### Source data
- Opening Delimiter -
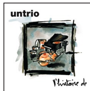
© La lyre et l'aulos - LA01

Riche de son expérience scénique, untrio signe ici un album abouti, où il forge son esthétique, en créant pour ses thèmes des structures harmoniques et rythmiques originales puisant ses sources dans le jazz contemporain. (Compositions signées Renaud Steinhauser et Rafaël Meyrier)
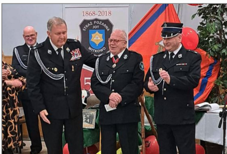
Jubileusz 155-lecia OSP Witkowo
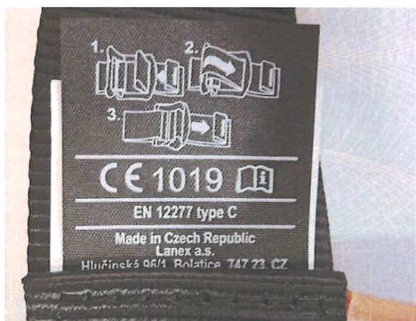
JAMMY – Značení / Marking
- Closing Delimiter -
- Opening Delimiter -
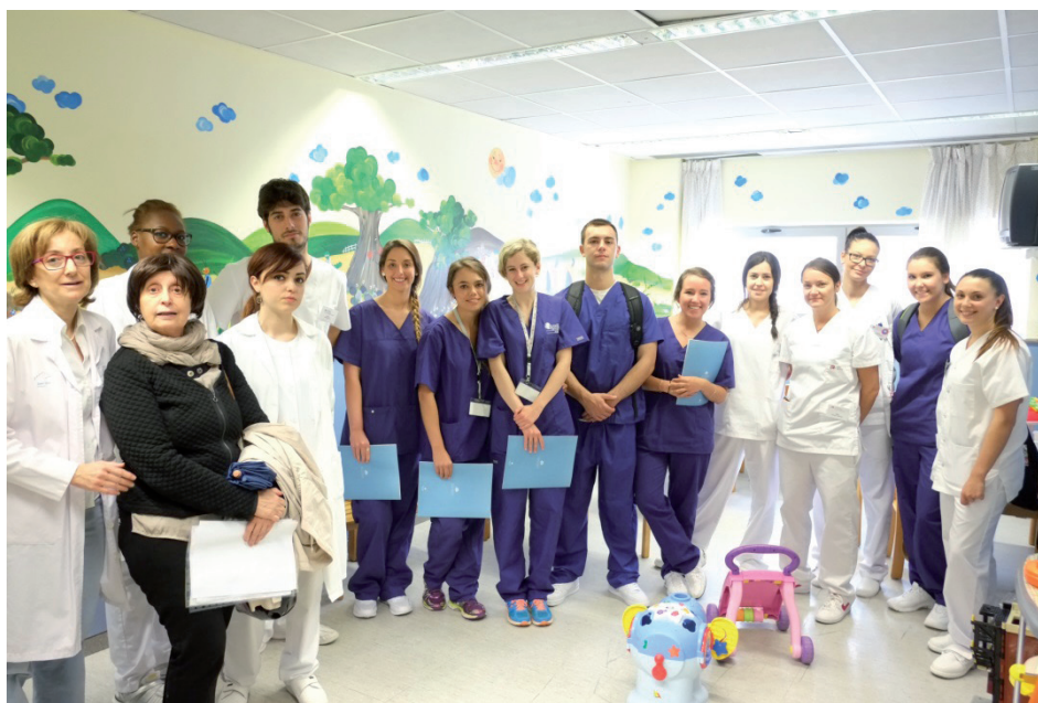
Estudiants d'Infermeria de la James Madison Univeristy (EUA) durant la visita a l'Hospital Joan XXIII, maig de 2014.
- Closing Delimiter -
### Problem details
Every line above between the one containing "Riche de son" and the one containing "JAMMY – Značení / Marking", those two included, is to be printed exactly. No pictures go into the copy.

### Result for this exercise
Riche de son expérience scénique, untrio signe ici un album abouti, où il forge son esthétique, en créant pour ses thèmes des structures harmoniques et rythmiques originales puisant ses sources dans le jazz contemporain. (Compositions signées Renaud Steinhauser et Rafaël Meyrier)
Jubileusz 155-lecia OSP Witkowo
JAMMY – Značení / Marking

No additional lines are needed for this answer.